■ **What you are asked to do**: Exactly as written, retype the lines that run from the line holding "校長室前に、近隣小学校から頂いたザクロを置きました。" through the end of the records below. Do not include pictures.

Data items
..............................

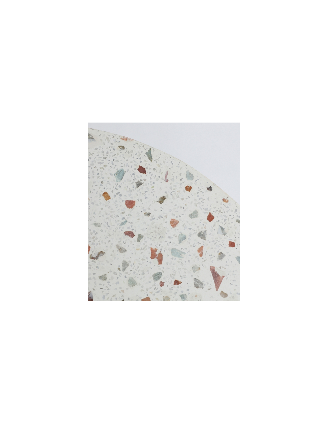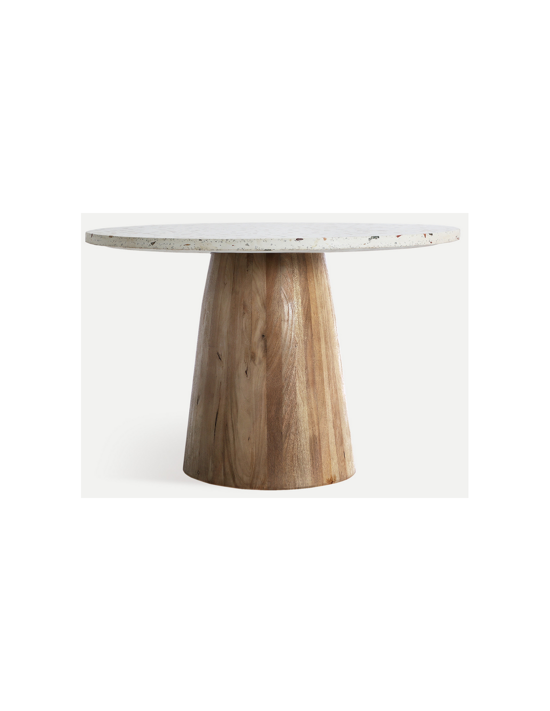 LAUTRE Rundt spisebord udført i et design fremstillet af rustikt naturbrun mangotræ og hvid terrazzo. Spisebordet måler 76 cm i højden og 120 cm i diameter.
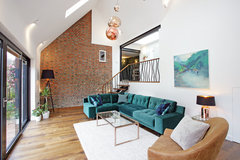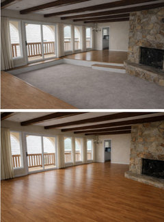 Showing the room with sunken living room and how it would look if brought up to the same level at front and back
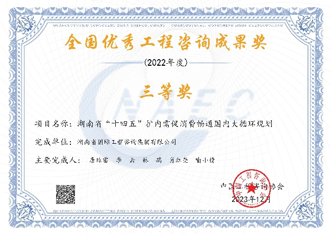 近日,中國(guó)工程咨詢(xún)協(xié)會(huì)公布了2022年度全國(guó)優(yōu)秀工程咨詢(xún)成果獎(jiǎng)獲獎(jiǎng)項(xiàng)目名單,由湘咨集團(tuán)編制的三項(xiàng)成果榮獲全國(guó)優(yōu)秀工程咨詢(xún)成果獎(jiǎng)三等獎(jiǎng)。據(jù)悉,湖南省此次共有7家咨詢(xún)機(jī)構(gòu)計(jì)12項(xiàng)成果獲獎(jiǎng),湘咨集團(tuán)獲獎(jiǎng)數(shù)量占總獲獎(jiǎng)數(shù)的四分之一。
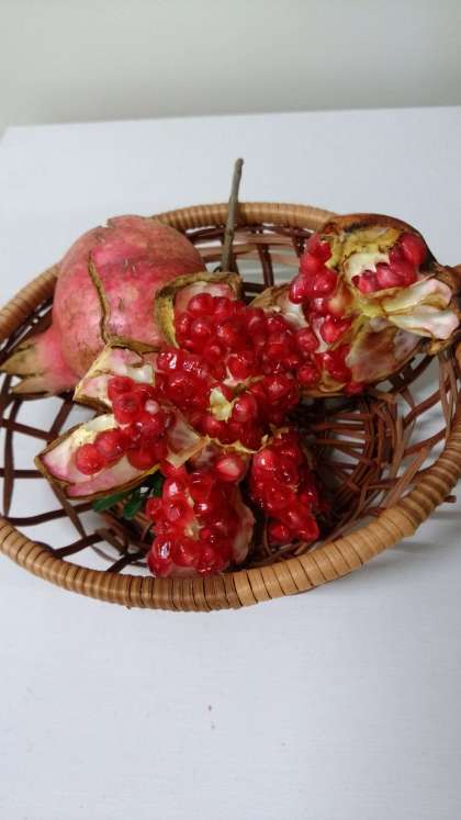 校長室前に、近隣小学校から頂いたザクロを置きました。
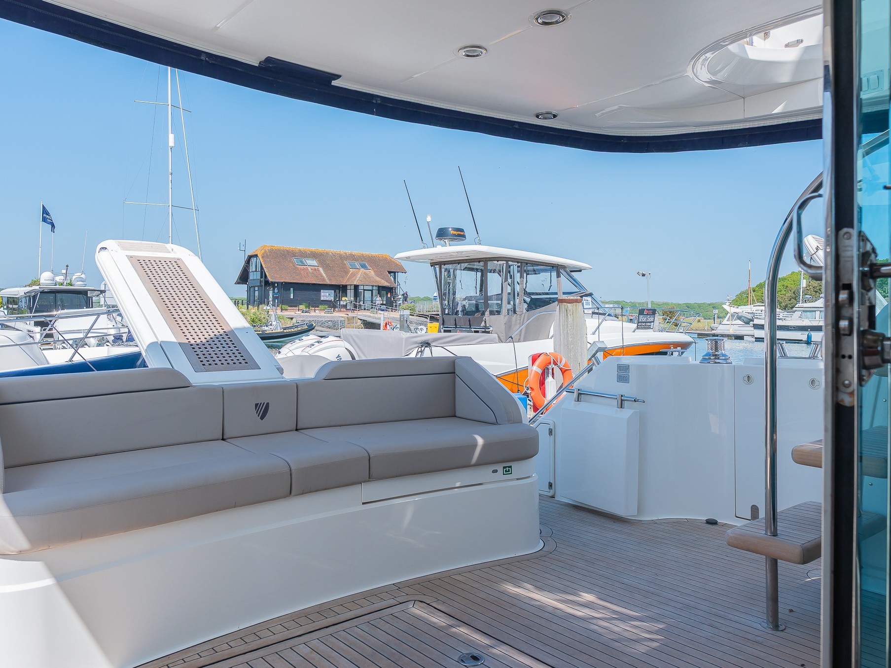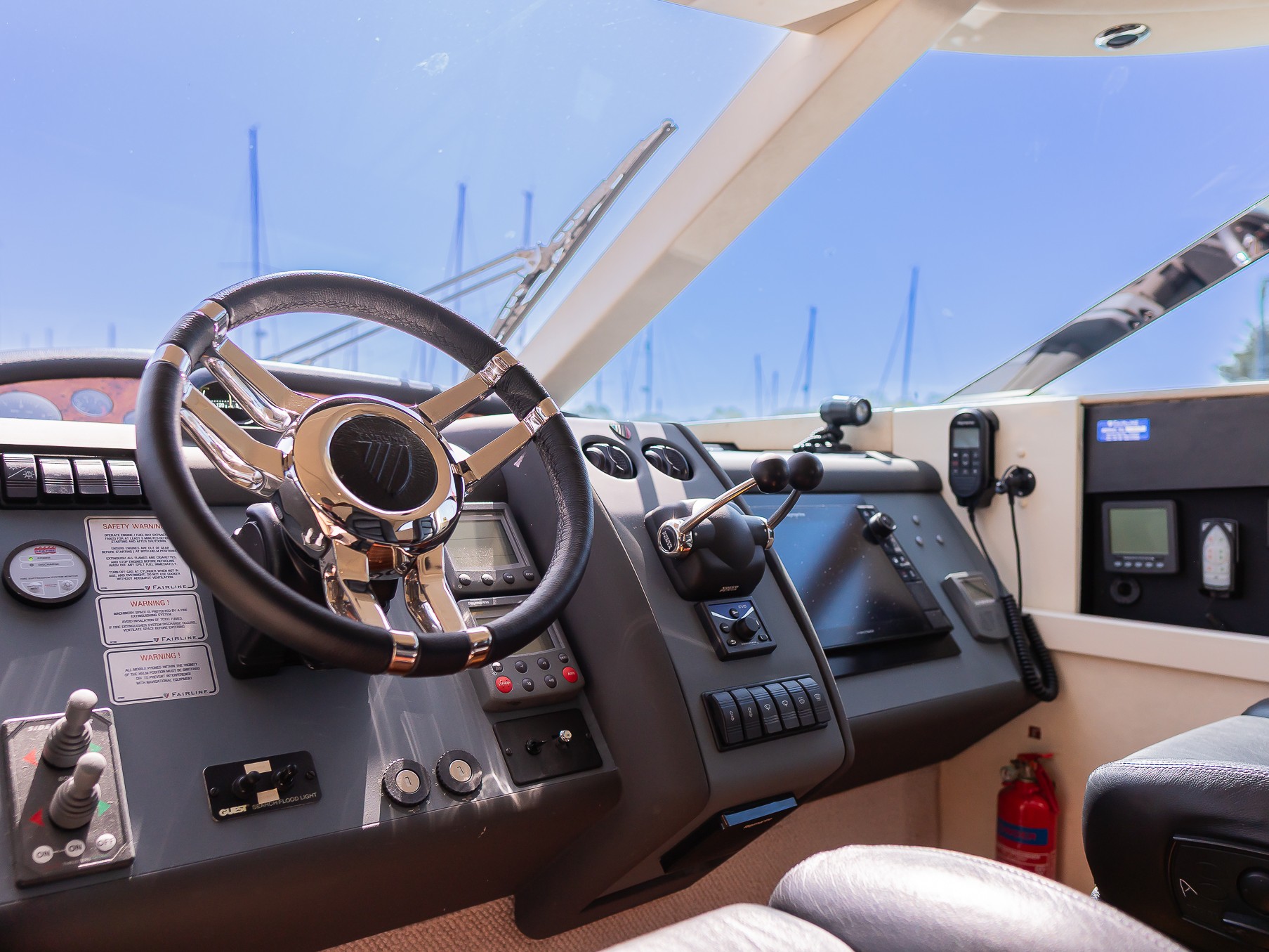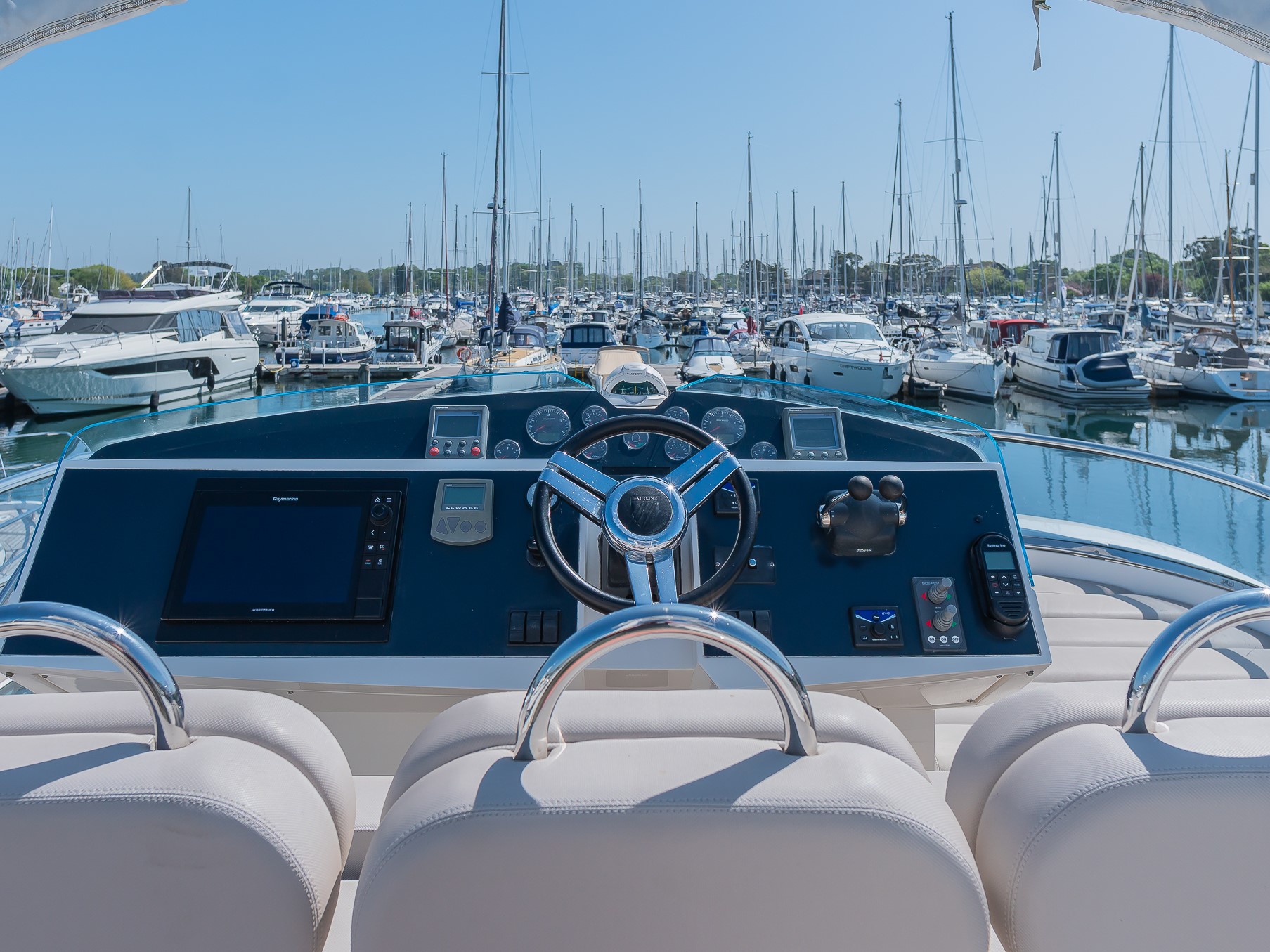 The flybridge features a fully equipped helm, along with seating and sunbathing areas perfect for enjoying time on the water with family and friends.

..............................

■ **Answer section**:
 校長室前に、近隣小学校から頂いたザクロを置きました。
 The flybridge features a fully equipped helm, along with seating and sunbathing areas perfect for enjoying time on the water with family and friends.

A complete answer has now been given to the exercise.